The Divino Niño, also known as Divino Niño de Bogotá or Divine Child Jesus, is a 20th-century religious wooden statue of the child Jesus originating from Bogota, Colombia. A cross originally in the back was removed upon purchase by Father Giovanni Rizzo. The 17-centimeter high statue with arms stretched out wide and wearing a traditional pink robe or tunic has an inscription "Yo reinaré" ("I will reign") at its base.
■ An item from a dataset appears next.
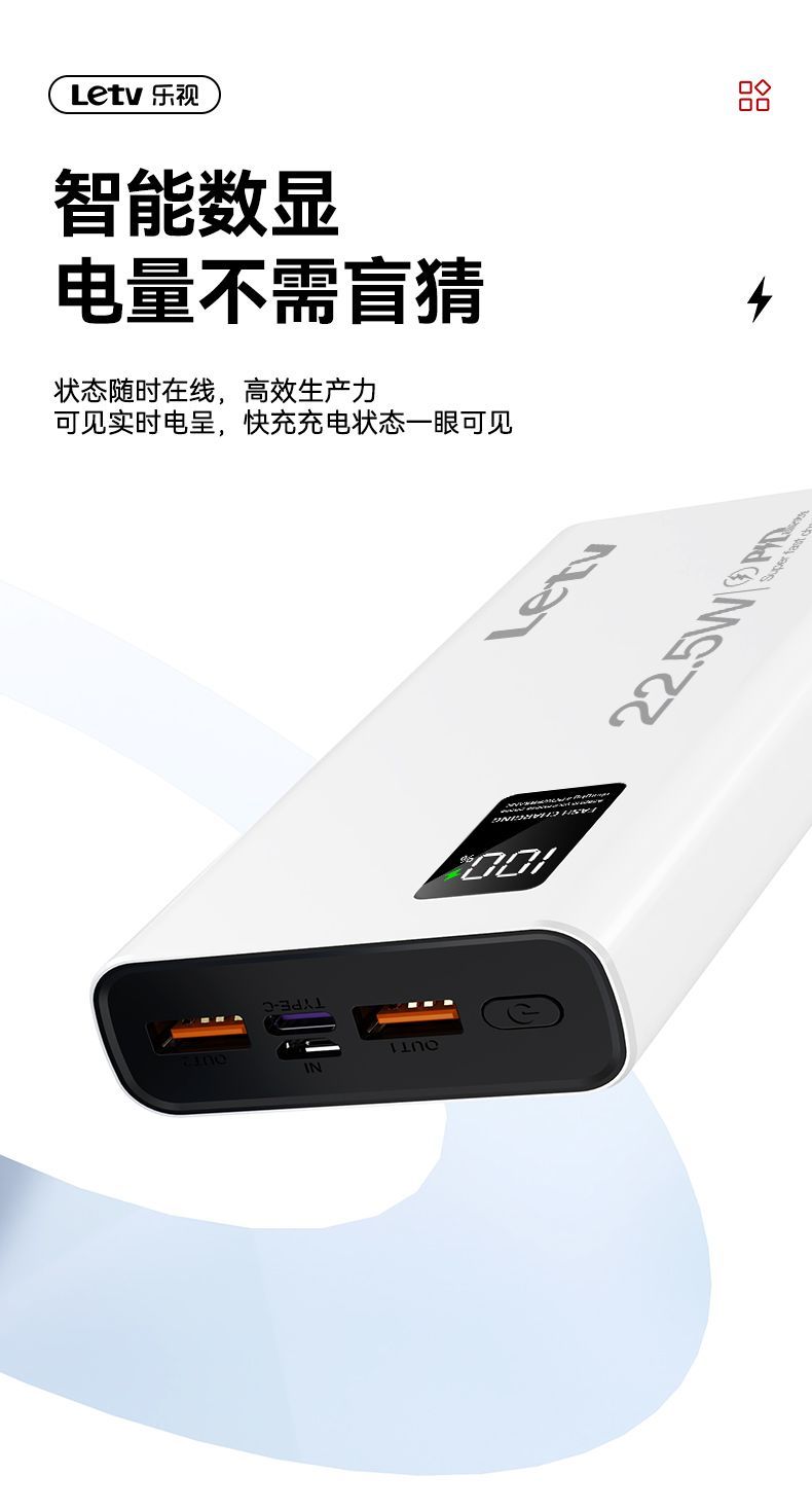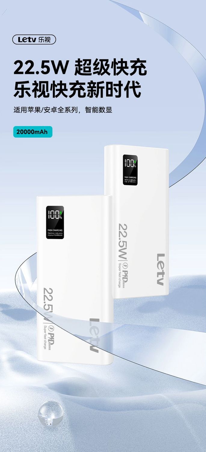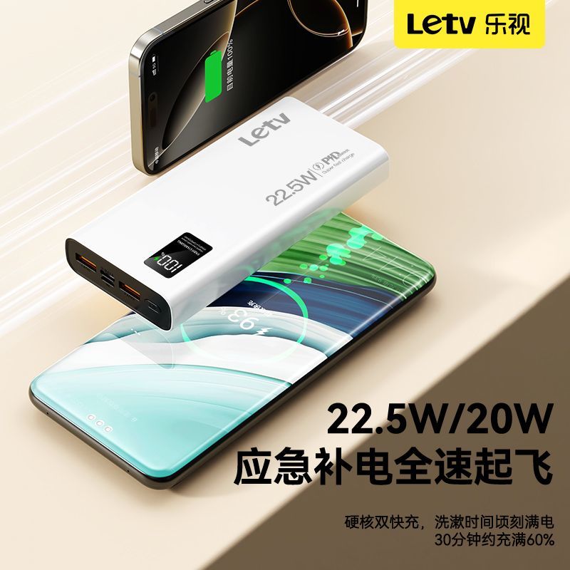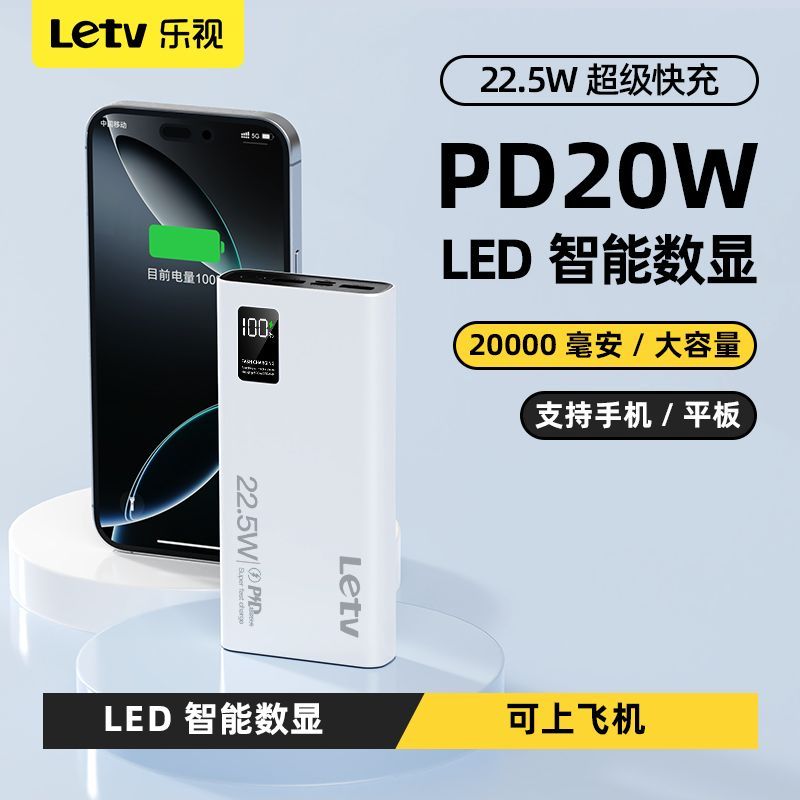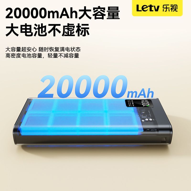 乐视大容量充电宝20000毫安22.5超级快充手机通用便携移动电源

It is one of the most popular religious images in Colombia, especially among Catholics and it is claimed to have miraculous powers of fertility and healing.

==History==
The statue's image and religious devotion began with a Salesian priest named Father Giovanni Rizzo (Anglicized: John Rizzo), from Arenzano, Italy. His bishop once assigned him to an impoverished town or barrio in Bogotá, Colombia.

In 1914, Rizzo and his Salesian priestly companions were building a new church in Barranquilla, Colombia. With limited financial resources, Rizzo is believed to have had a mystical vision of the child Jesus in a standing posture while beckoning out his arms. The boy in the vision spoke "Take me with you, I want to accompany you."

==The statue==
In 1942, after years of finishing church construction, Rizzo discovered a child Jesus statue in a nearby shop called El Vaticano. In the shop was the statue by an anonymous Italian sculptor who fashioned a likeness of the child Jesus with a cross in the back, as in Rizzo's vision. Rizzo ordered the cross to be removed from his back and that the owner inscribe the words Yo reinaré (English: I will reign) at the base of the statue, which he brought to his new parish, where he began to preach about the favors the Christ Child does for those who have faith and who help the poor.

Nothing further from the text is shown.